Records shown:
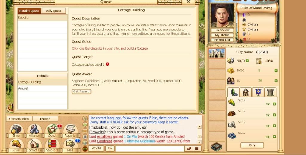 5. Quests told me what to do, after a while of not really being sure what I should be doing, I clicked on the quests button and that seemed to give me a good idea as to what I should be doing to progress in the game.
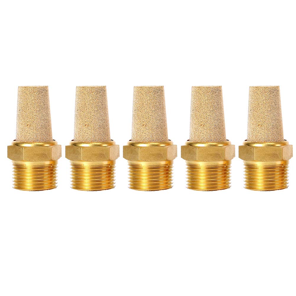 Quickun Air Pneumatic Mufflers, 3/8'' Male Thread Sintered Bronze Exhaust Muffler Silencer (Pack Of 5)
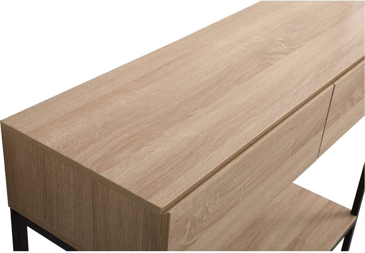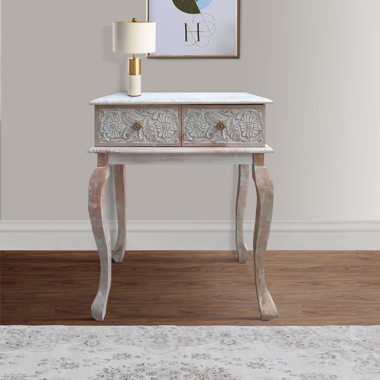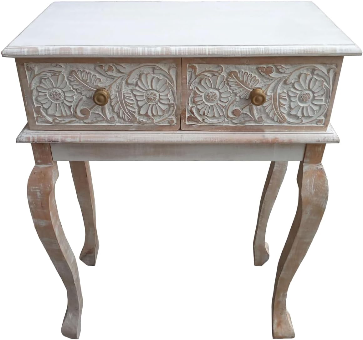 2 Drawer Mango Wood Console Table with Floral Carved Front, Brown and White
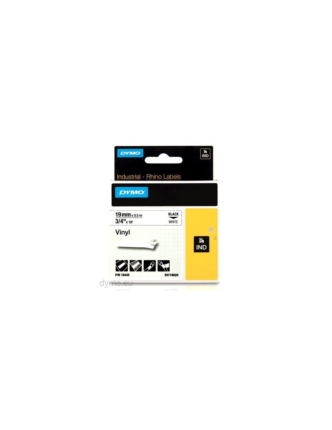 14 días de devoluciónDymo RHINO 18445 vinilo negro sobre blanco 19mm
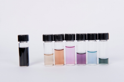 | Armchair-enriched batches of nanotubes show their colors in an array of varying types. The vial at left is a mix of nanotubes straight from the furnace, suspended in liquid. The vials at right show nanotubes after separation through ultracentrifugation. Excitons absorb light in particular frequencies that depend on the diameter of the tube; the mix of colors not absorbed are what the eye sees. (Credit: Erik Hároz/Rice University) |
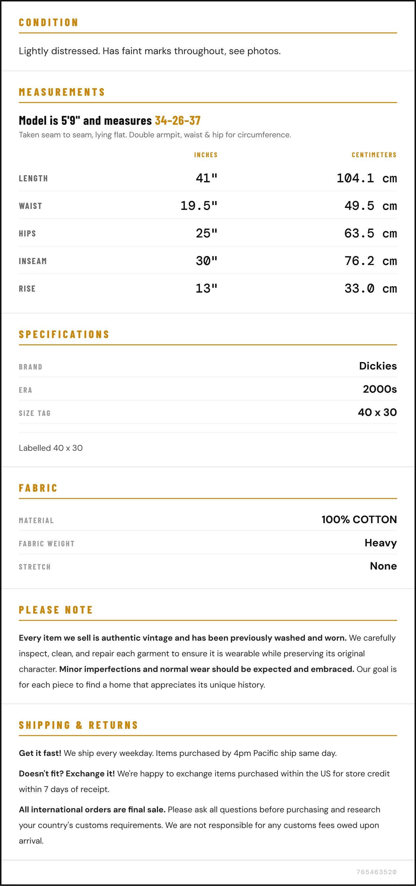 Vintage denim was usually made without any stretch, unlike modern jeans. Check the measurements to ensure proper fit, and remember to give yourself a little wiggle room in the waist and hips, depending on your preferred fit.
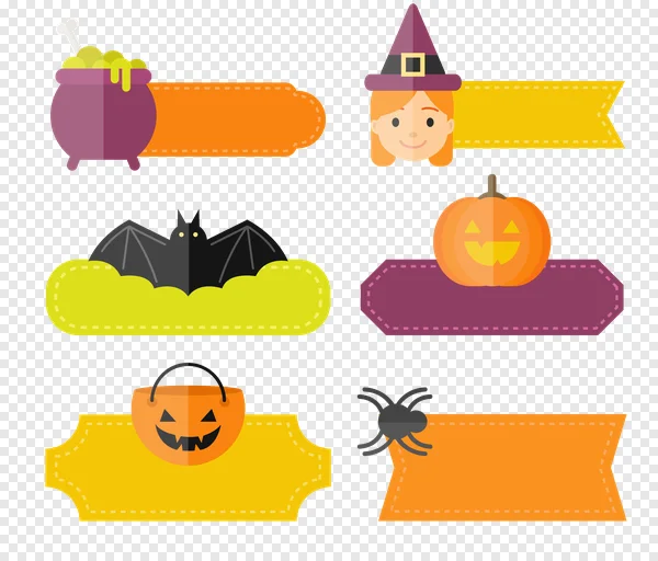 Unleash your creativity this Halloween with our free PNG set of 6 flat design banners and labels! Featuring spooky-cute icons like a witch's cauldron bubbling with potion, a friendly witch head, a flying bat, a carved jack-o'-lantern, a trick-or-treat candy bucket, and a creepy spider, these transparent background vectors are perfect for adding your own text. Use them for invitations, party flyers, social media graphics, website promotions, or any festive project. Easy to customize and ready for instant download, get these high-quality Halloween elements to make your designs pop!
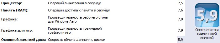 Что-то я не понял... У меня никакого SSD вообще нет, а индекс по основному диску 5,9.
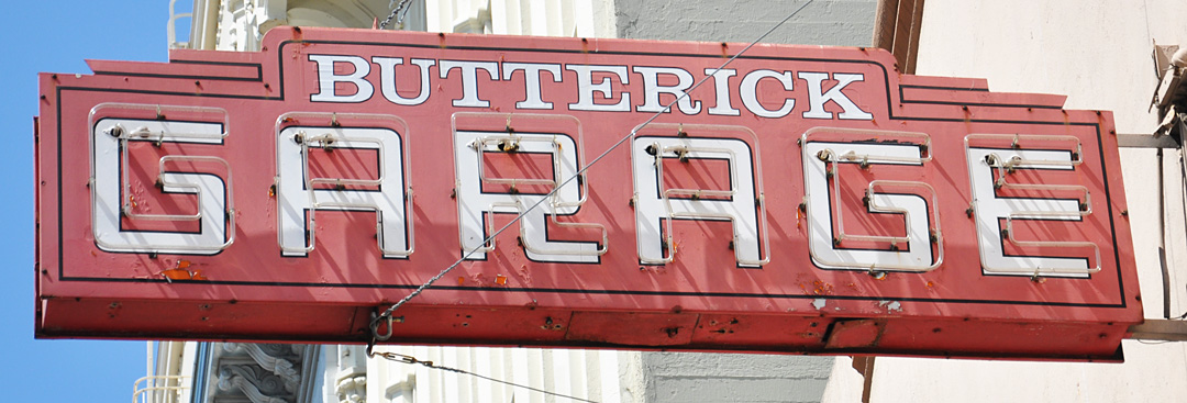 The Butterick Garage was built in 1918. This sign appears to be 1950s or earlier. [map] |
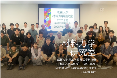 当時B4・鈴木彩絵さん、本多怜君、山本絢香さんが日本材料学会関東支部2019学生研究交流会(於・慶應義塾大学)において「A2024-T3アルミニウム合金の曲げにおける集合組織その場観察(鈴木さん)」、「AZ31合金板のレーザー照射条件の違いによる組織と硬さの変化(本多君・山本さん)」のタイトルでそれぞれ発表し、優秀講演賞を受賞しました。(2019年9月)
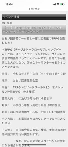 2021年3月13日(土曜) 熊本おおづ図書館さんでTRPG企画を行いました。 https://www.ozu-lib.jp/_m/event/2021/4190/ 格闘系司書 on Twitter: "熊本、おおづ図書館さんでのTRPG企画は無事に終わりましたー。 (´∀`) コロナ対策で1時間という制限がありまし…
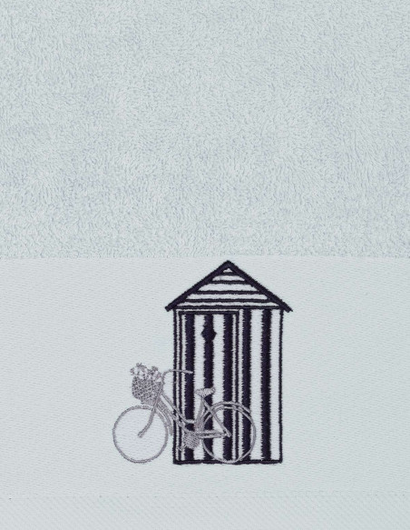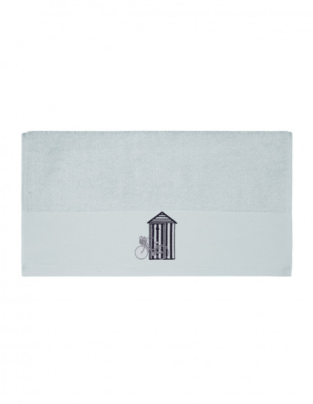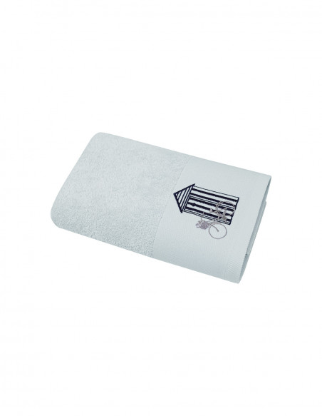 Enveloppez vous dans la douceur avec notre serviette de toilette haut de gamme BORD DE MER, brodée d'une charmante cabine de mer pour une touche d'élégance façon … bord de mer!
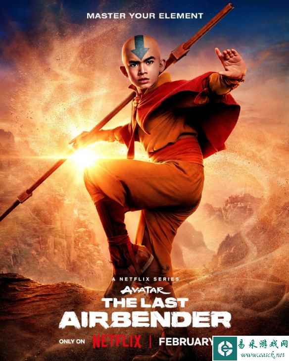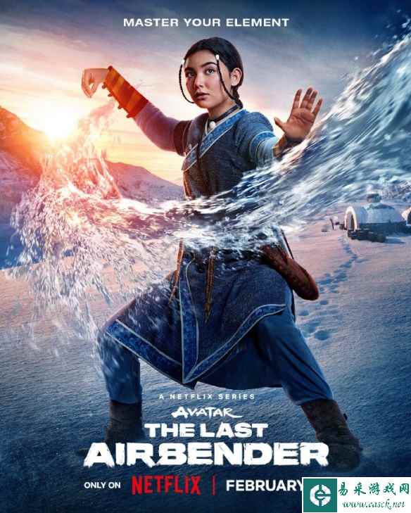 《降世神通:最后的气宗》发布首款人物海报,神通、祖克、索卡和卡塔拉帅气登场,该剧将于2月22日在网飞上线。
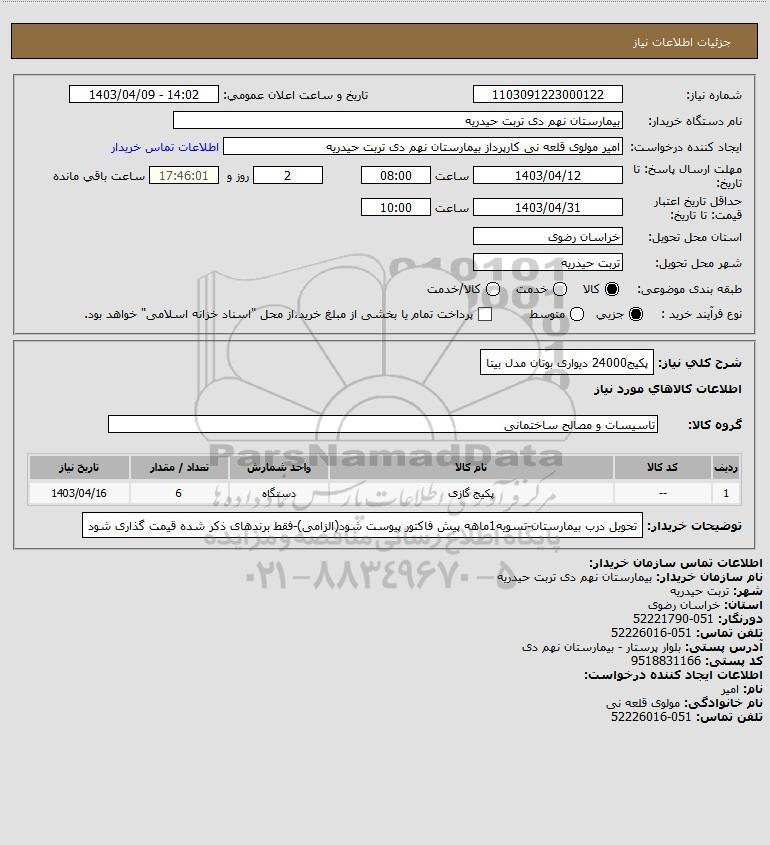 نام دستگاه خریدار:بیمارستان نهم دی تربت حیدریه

Work to be completed: For this exercise, set down exactly the lines that run from the line holding "https://www.ozu-lib.jp/_m/event/2021/4190/ 格闘系司書 on" to the last line of the records above; include both end lines and omit pictures.

Output for this exercise:
 2021年3月13日(土曜) 熊本おおづ図書館さんでTRPG企画を行いました。 https://www.ozu-lib.jp/_m/event/2021/4190/ 格闘系司書 on Twitter: "熊本、おおづ図書館さんでのTRPG企画は無事に終わりましたー。 (´∀`) コロナ対策で1時間という制限がありまし…
 Enveloppez vous dans la douceur avec notre serviette de toilette haut de gamme BORD DE MER, brodée d'une charmante cabine de mer pour une touche d'élégance façon … bord de mer!
 《降世神通:最后的气宗》发布首款人物海报,神通、祖克、索卡和卡塔拉帅气登场,该剧将于2月22日在网飞上线。
 نام دستگاه خریدار:بیمارستان نهم دی تربت حیدریه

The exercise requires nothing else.